Türkiye'de mutlu değilim


biz viyanada sırp restoranına gidiyorduk. coook guzeldi. cevapcici var bizim bildiğimiz kofte, kebaptan geliyor zaten ismi; ya da yunan restoranı da olur doner falan oluyordu. tsatsiki = cacik. yani adam gibi yemekler vardı sebzesi de eti de tatlısı da:))
 
Canım biliyo musun benimde ilerde hayalim yurtdışına yerleşmek :)) avrupa veya amerika fark etmez üni bitince yüksek lisans için mutlaka yurtdışına gidicem. Ve seni çok iyi anlıyorum. Burda kalmamak için çok geçerli sebeplerin olabilir. Avrupa da yaşam standartlarının Türkiye den çok daha üstün olduğu bi gerçek... Umarım gidebilirsin...
 
Benzer yaslarda bu anlattigin duygu durumlarindan satir satir gecmis, akabinde gitmek istedigi memleketin dilini ogrenmis para biriktirip yurt disina gitmis, orada okumus, calismis, calismamis, bir yabanciyla evlenmis, cocuk sahibi olmus biri olarak yaziyorum.

Hic bir sey siyah-beyaz degil. Hic bir sey ne disaridan gorundugu kadar guzel veya cirkin degil. Insan icine girdigi zaman herseye alisiyor, uyum sagliyor ve artik basta oldugu kadar bunalmiyor veya eglenmiyor.

Nereye gidersen git kendinden kacamazsin derler ya, oyle malesef. Kendini goturuyorsun, birkac zaman sonra bir bakiyorsun kactigin hayatin cok benzerini yine kuruvermissin etrafinda. Bir zaman 1-2 yil ozellikle yasin da gencse, hem de ogrenciysen oooo super oluyor hersey. Iste ben buraya aitim, aradigim sey bu filan diyorsun. Ama sonra para kazanmak gerekiyor. Isin renginin degistigi nokta her zaman bu olmustur. Artik ogrencilikte oldugu gibi arkadaslarini kafana gore secemiyorsun. Seceneklerin azaliyor, veya is-es nedeniyle gorusmek zorunda oldugun insanlar degisiyor. O zaman yine benzer hirslar, cikar catismalari, dedikodular, yargilar basliyor. Sonra emin olabilirsin ki 30 yasindan sonra bir de cocugun olduysa dogdugun yere, ailene ozlem duymaya basliyorsun. Iste o noktada bu sefer kendini turkiye’de oldugundan cok cok daha yalniz buluveriyorsun.
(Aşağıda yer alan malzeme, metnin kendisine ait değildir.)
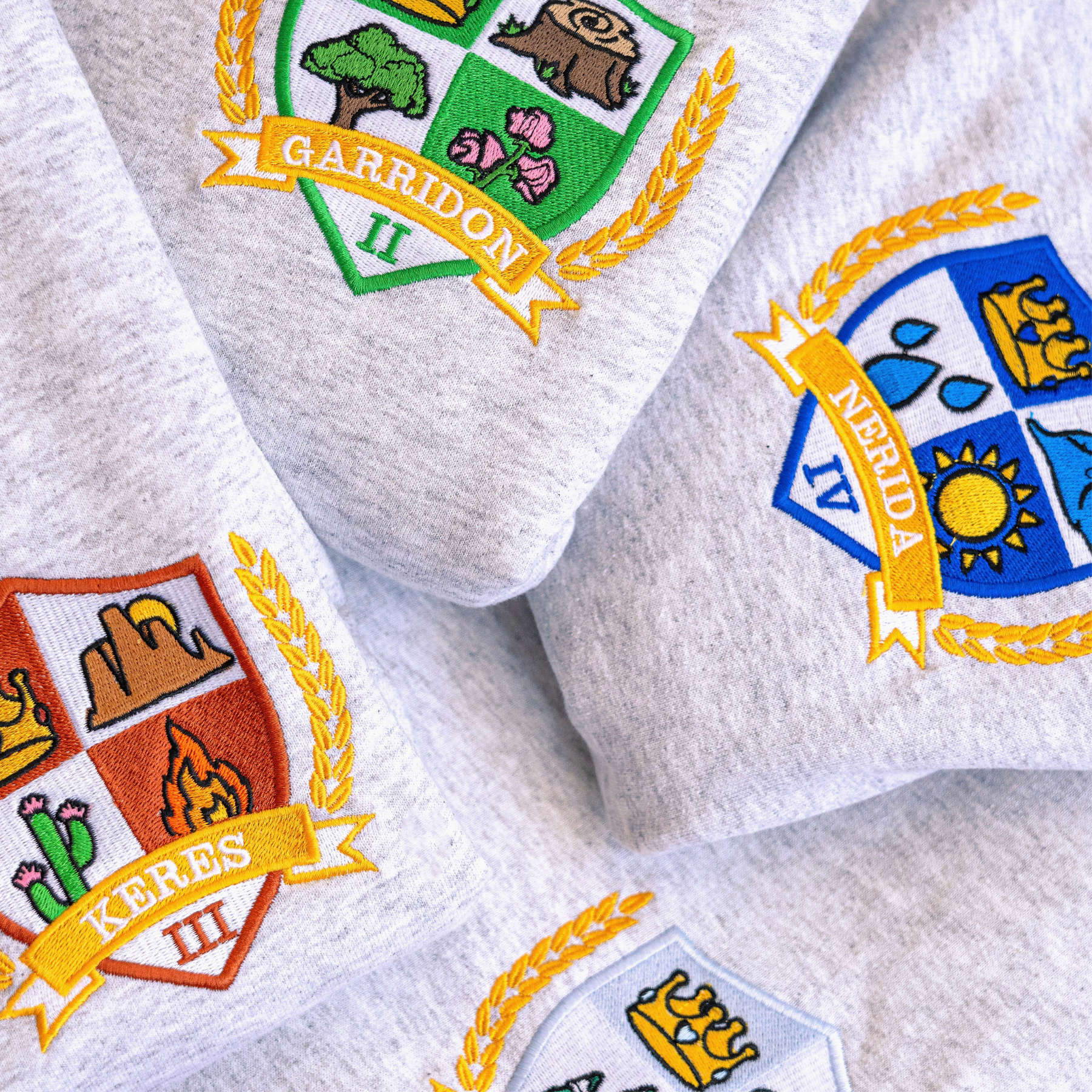 Introducing the DBC x Laura Carter Realm Embroidered Sweatshirt. The crest designs have been exclusively designed for our collection meaning no one else has them, and are officially licensed by Laura Carter. They are available in the four different realms..
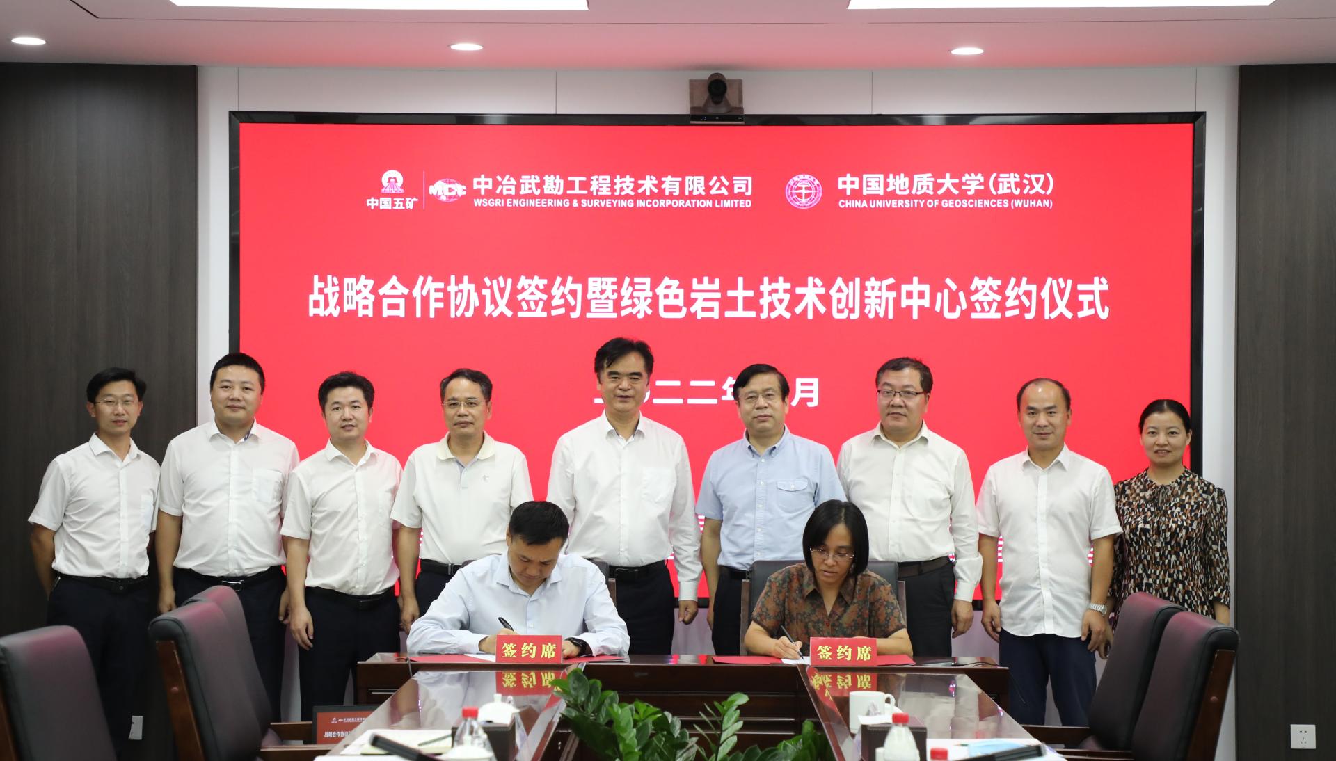 9月29日,pp电子官方网站与中冶武勘工程技术有限公司签署战略合作框架协议,并联合成立“绿色岩土技术创新中心”,深入推进产学研发展。pp电子官方网站党委书记李红丽和中冶武勘副总经理、总工程师江永建代表双方签署战略合作协议。pp电子官方网站(武汉)党委副书记唐辉明,中冶武勘党委书记、董事长臧中海见证签约并共同为“绿色岩土技术创新中心”揭牌。双方将把科教资源优势和工程技术成果转化优势紧密结合,在产学研用协同创新、人才培养等方面进行全方位的合作。

Yaptigin tespitlerin bircogunda cok haklisin. Kendileri baskiyla yetismis insanlar digerlerinin ozgurlugunu kabullenemezler. Bizim memleketimizde de hayli hayli mevcuttur bu. Baskalarinin isine karismak, hayatlara burun sokmak, « mudahele » hosgorusuzluk, ..bunlari bizim insanimizda daha cok gorursun evet. Ama yardimseverligi ve samimiyeti de inan baska ulkede bizimki kadar bulamazsin.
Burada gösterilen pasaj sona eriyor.